UPDATE: From Mark Helprin, an article that better states the point I try to make above. Read the whole thing, published by The Wall Street Journal at OpinionJournal:
We have followed a confusion of war aims that seem to report after the fact what we have done rather than to direct what we do. We could, by threatening the existence of Middle Eastern regimes, which live to hold power, enforce our insistence that the Arab world eradicate the terrorists within its midst. Instead, we have embarked upon the messianic transformation of an entire region, indeed an entire civilization, in response to our inability to pacify even a single one of its countries. As long as our war aims stray from the disciplined, justifiable, and attainable objective of self-defense, we will be courting failure.
Our strategy has been deeply inadequate especially in light of the fact that we have refused to build up our forces even as our aims have expanded to the point of absurdity. We might have based in northern Saudi Arabia within easy range of the key regimes that succor terrorism, free to coerce their cooperation by putting their survival in question. Our remounted infantry would have been refreshed, reinforced, properly supported, unaffected by insurgency, and ready to strike. The paradigm would have shifted from conquer, occupy, fail, and withdraw–to strike, return, and re-energize. At the same time, we would not have solicited challenges, as we do now, from anyone who sees that although we may be occupying Iraq, Iraq is also occupying us.
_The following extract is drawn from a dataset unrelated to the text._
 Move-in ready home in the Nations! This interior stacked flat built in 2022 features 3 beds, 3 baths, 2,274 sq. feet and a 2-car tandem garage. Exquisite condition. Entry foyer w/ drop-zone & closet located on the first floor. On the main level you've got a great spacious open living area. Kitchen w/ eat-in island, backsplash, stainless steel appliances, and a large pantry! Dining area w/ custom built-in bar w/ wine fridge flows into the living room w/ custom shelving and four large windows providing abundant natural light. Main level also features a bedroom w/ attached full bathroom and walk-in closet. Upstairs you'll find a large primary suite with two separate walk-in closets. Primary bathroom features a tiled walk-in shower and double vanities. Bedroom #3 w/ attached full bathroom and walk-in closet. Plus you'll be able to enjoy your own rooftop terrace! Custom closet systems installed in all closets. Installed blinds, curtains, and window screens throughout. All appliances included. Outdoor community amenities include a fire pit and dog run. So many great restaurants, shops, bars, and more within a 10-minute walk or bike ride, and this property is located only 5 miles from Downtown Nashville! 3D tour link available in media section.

We have abstained from mounting an effective civil defense. Only a fraction of a fraction of our wealth would be required to control the borders of and entry to our sovereign territory, and not that much more to discover, produce, and stockpile effective immunizations, antidotes, and treatments in regard to biological and chemical warfare. Thirty years ago the entire country had been immunized against smallpox. Now, no one is, and the attempt to cover a minuscule part of the population failed miserably and was abandoned. Not only does this state of affairs leave us vulnerable to a smallpox epidemic, it stimulates the terrorists to bring one about. So with civil aviation, which, despite the wreckage and tragedy of September 11, is protected in an inefficient, irresponsible, and desultory fashion.
…
Neither the 9/11 commission, the president, nor the Democratic nominee has a clear vision of how to fight and defend in this war. Partly this is because so many Americans do not yet feel, as some day they may, the gravity of what we are facing.
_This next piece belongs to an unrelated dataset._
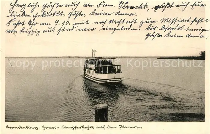 Brandenburg_Havel Dampferfahrt auf dem Plauer See Brandenburg Havel postalisch gelaufen 1938 Erhaltung siehe scans [WerneD78] WernPID7

Three years on, that is where we stand: our strategy shiftless, reactive, irrelevantly grandiose; our war aims undefined; our preparations insufficient; our civil defense neglected; our polity divided into support for either a hapless and incompetent administration that in a parliamentary system would have been turned out long ago, or an opposition so used to appeasement of America’s rivals, critics, and enemies that they cannot even do a credible job of pretending to be resolute.
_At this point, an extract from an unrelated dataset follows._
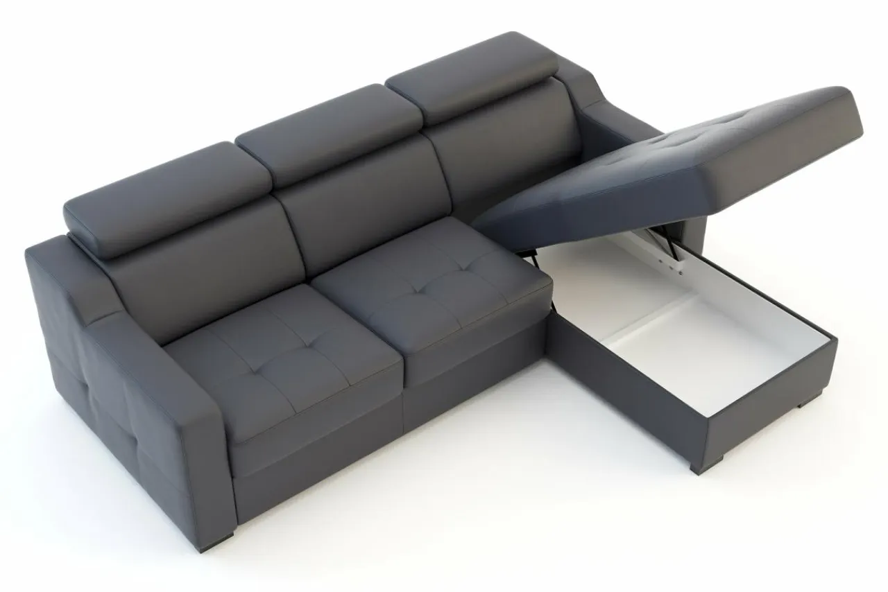 W leżance wbudowany jest pojemnik. Możesz w nim przechowywać pościel, koce lub inne tekstylia.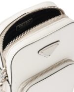 Defined by a versatile and contemporary design, this mini bag is made of Saffiano, an iconic material of Prada: calf leather of the highest quality, defined by a crosshatch pattern and waxed finish. The enameled metal triangle logo adorns the accessory.

Will it take more atrocities, more mass-murders committed within the borders of the United States to wake up BOTH the left-wing and right-wing from their mutual fantasies of destroying their political opponents to see the true enemy?
note: The next to the last paragraph in the quoted passages above was edited to add “9/11” to the sentence beginning “Neither the commission, the president…” for clarity.
Little has changed in the two years since this was written.